The Falcon and the Winter Soldier episode five review

David Eckstein-Schoemann, Reporter

We’re finally at episode 5 and things seem to be gearing up for the big finale next week.

The episode begins with John Walker in the aftermath of killing one of the Flag Smashers in public. He is soon confronted by Sam and Bucky who are forced to take him down after he refuses to give them the shield. Uncertainty seems to be at an all-time high as the Flag Smashers are only getting bigger, and Walker is forced to resign after last episode’s controversial events. Along the way, Sam understandably begins to doubt if he is the right person to take on the mantle of Captain America. 

 Courtesy of Disney Platform Distribution.

This episode has a lot to unpack here as it’s showing the consequences of the last episode and how it affects the characters. It is made evident early on that John Walker is beginning to go down a dark path. His brawl with Sam and Bucky is clear evidence of that, as he mercilessly attacks the duo declaring himself to be the true Captain America. It has been stated in the past that the super-soldier serum brings out the key aspects of that person and amplifies them. So to see Walker lose it and go nuts made this an intense confrontation. While the action here is very inventive like in the past episodes, something about the way they do it here made it feel more brutal. In that, you feel the impact when someone throws a punch or knocks the other down. It was very well handled and serves as a satisfying endpoint to Sam and Bucky’s mission to take back the shield.

I also like how this episode takes its time to assess the situation of these characters. Even though the shield is back in good hands, Sam is still unsure of what right move to make. This is especially shown when he revisits Isaiah Bradley, a black super soldier from the past who was mistreated by the government. This conversation was one of the episode’s many highlights as you’re listening to a character recount all the past abuses he suffered in his life. It’s a sad scene as it shows how much injustice there is in this world, and it’s something Sam will have to keep in mind going forward. I know this is a universe with space gods and talking trees, but this series does an excellent job at acknowledging that everything is not black and white. 
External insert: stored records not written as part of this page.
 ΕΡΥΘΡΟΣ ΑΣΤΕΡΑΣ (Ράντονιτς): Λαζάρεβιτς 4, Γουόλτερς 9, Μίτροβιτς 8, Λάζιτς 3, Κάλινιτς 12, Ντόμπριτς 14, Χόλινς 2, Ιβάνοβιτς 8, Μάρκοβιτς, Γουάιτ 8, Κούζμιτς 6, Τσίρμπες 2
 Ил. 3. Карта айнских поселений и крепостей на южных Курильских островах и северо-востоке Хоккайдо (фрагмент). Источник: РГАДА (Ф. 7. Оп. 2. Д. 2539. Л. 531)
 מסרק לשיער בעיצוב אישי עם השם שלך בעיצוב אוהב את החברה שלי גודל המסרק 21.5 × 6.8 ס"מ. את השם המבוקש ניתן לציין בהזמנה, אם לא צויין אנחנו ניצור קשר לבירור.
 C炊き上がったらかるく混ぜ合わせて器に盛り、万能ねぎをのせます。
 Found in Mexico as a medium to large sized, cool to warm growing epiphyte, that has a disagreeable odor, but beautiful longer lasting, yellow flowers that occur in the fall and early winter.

 Courtesy of Disney Platform Distribution.

Some of the plotlines are handled pretty well despite not being this episode’s main focus. The conflict between Bucky and Zemo ends with Zemo being arrested by the Dora Milaje and being brought back to Wakanda. Though I don’t think this is the last we’ll see of Zemo as there are a lot of marketing images of this character that we haven’t seen in the series yet. The plotline with Walker in the aftermath of giving up the shield is also shown here, as it does lead to a lot of effective scenes. Particularly when he visits Lemar’s (Battlesstar’s) family who is grieving his death. Despite this, it’s still made evident that Walker is not gonna stop here and is going to be one of the antagonists in the series finale.

 Courtesy of Disney Platform Distribution.
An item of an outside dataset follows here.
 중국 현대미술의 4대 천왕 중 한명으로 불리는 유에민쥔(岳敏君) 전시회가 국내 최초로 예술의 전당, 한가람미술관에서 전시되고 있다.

The main focus in the latter half of the episode revolves around Sam spending some downtime with his family. While nothing monumental is happening, you still enjoy it because you’re spending time with these people. I like when the community comes to help Sam’s family fix their boat. I like Sam’s nephews playing with Cap’s shield. I even like the bond between Sam and Bucky here. Nothing speaks of bromance more than two guys fixing a boat together. I really like that they made the choice to take a step back and have the characters reflect on their situation. It really makes you look at these people in a new light.

 Courtesy of Disney Platform Distribution.
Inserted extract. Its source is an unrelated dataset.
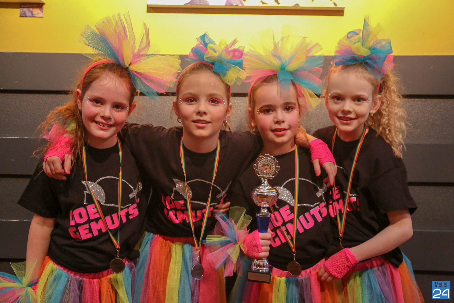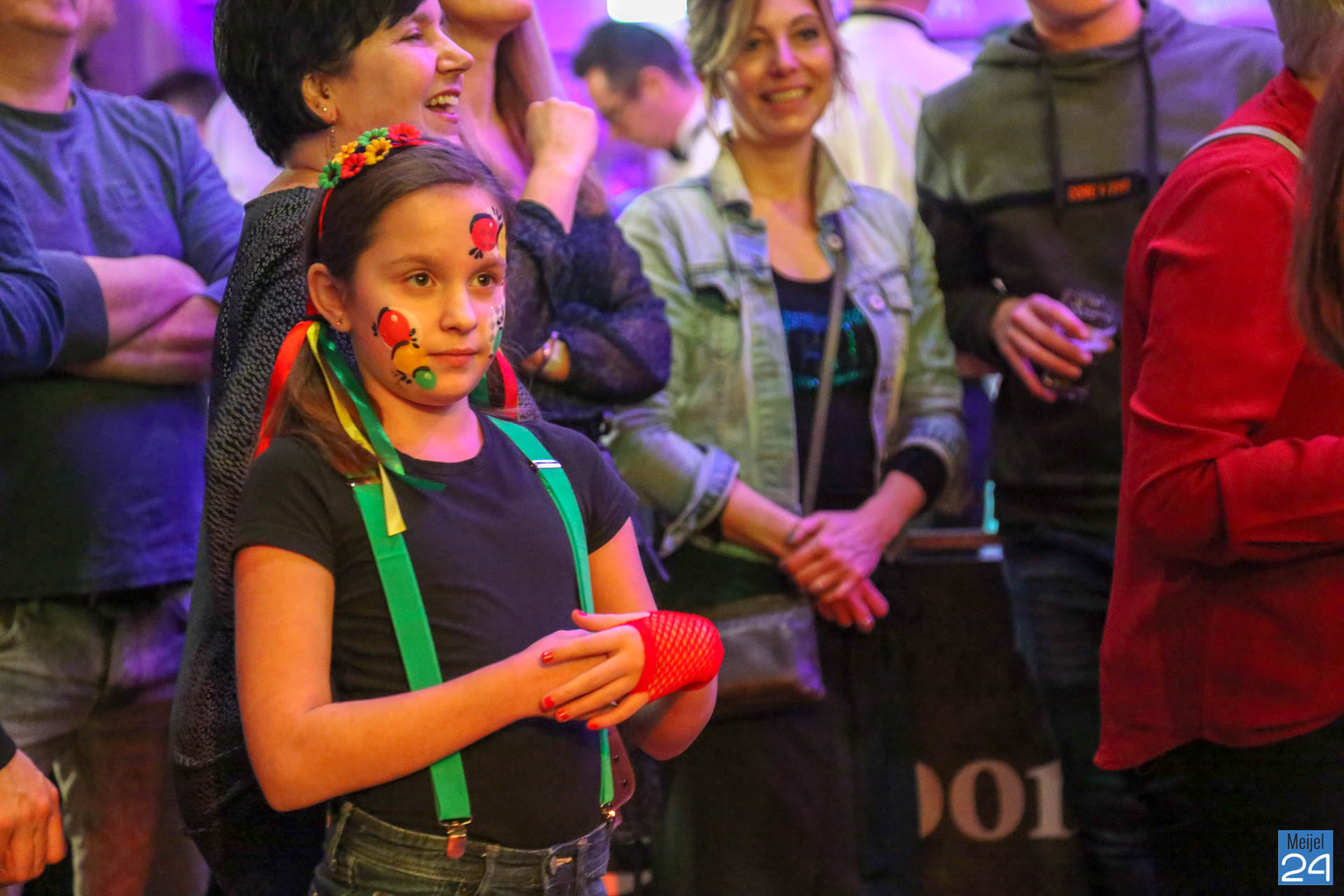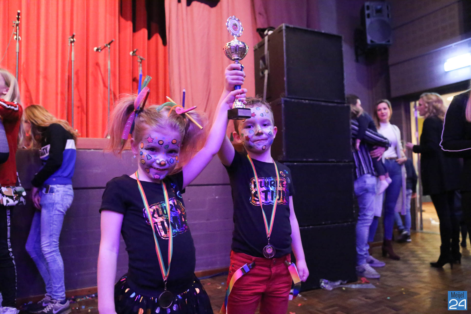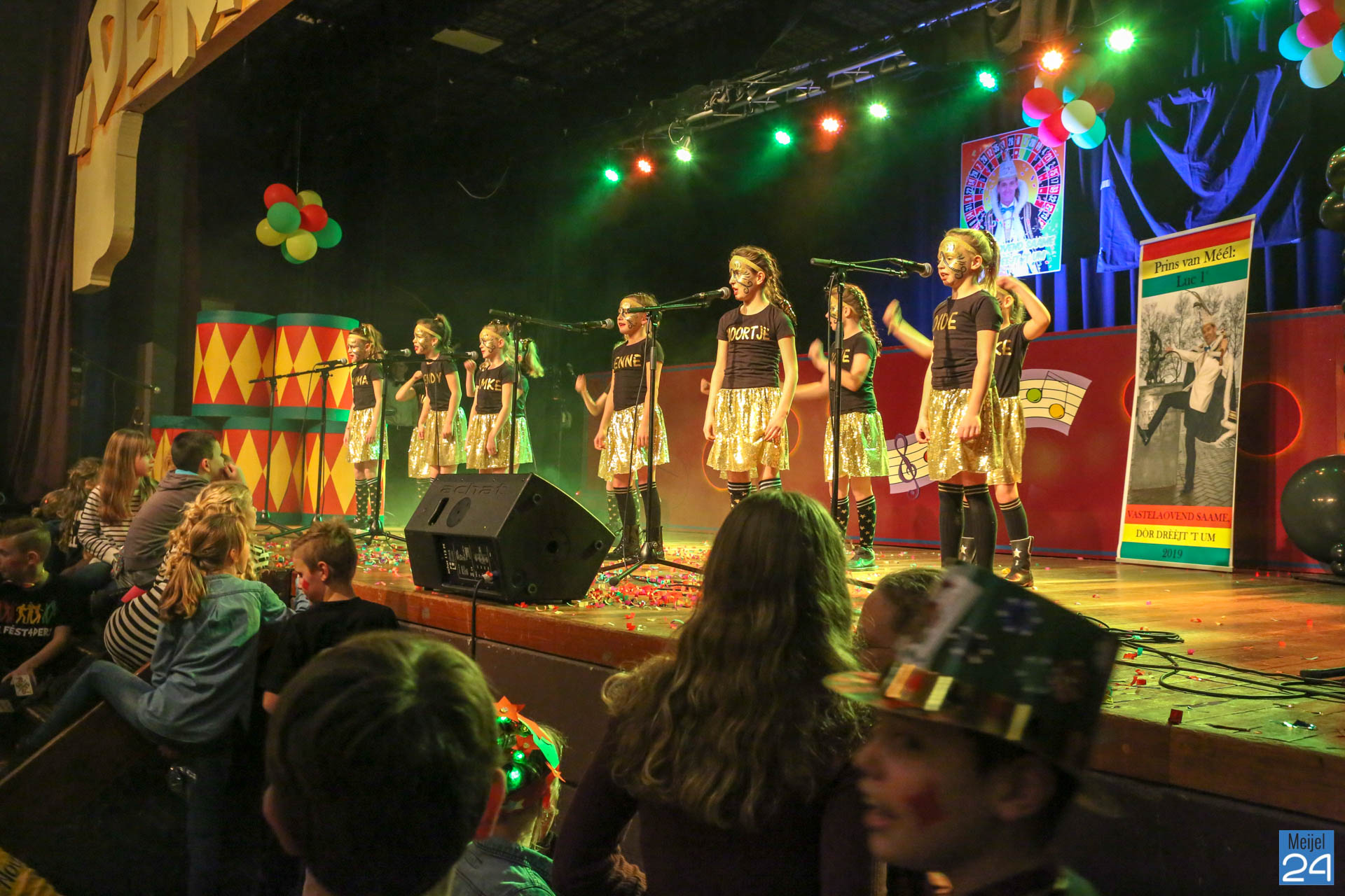 Na deze muzikale opening was het de beurt aan de kinderen tot en met groep 5. Zes prachtig uitgedoste groepen, met allemaal eigen teksten brachten een spetterend optreden op de planken. Nadat het laatste nummer van deze categorie had geklonken, was het aan de jury om bekend te maken wie er in de prijzen waren gevallen. Als eerste werd de “Beeste Méélse tekst” uitgereikt en die was voor de groep “De Zökskes” met hun lied “Ik wil ranja!!!”. De “Prizzentaasie-prisj” was voor “De Dòlle Dörskes” die “Jumpie, de zingende kangoeroe” zongen. De Kievelprisj voor het beste liedje ging naar de “Réégenboog Dörskes” met hun liedje “We gòn saame danse”. Nummer 2 is geworden “Goe Gemutst” met “Wéj viere fést” en de derde prijs was voor de “Britt-nies” die het nummer “Wéj zin Britt” ten gehore brachten.

Sam’s training sequence with the shield was also really cool to see. It actually reminded me of the training montages from the “Rocky” films. It not only shows the character reaching his potential, but it also solidifies the fact that Sam is ready to take up the mantle of Captain America. The plotline with the Flag Smashers isn’t given much attention, but they do give some surprising reveals. One of them being how much their movement has grown with people in plain sight ready to act at any moment. Another is how Sharon Carter, who we saw two episodes ago, has broken out Batroc from episode one to work with the terrorist group and get revenge on Sam. I’ve had people come up to me and tell me that she’s the “Power Broker” character behind the scenes. I was unsure of this at first, but seeing it play out here makes that theory all the more likely. 

 Courtesy of Disney Platform Distribution.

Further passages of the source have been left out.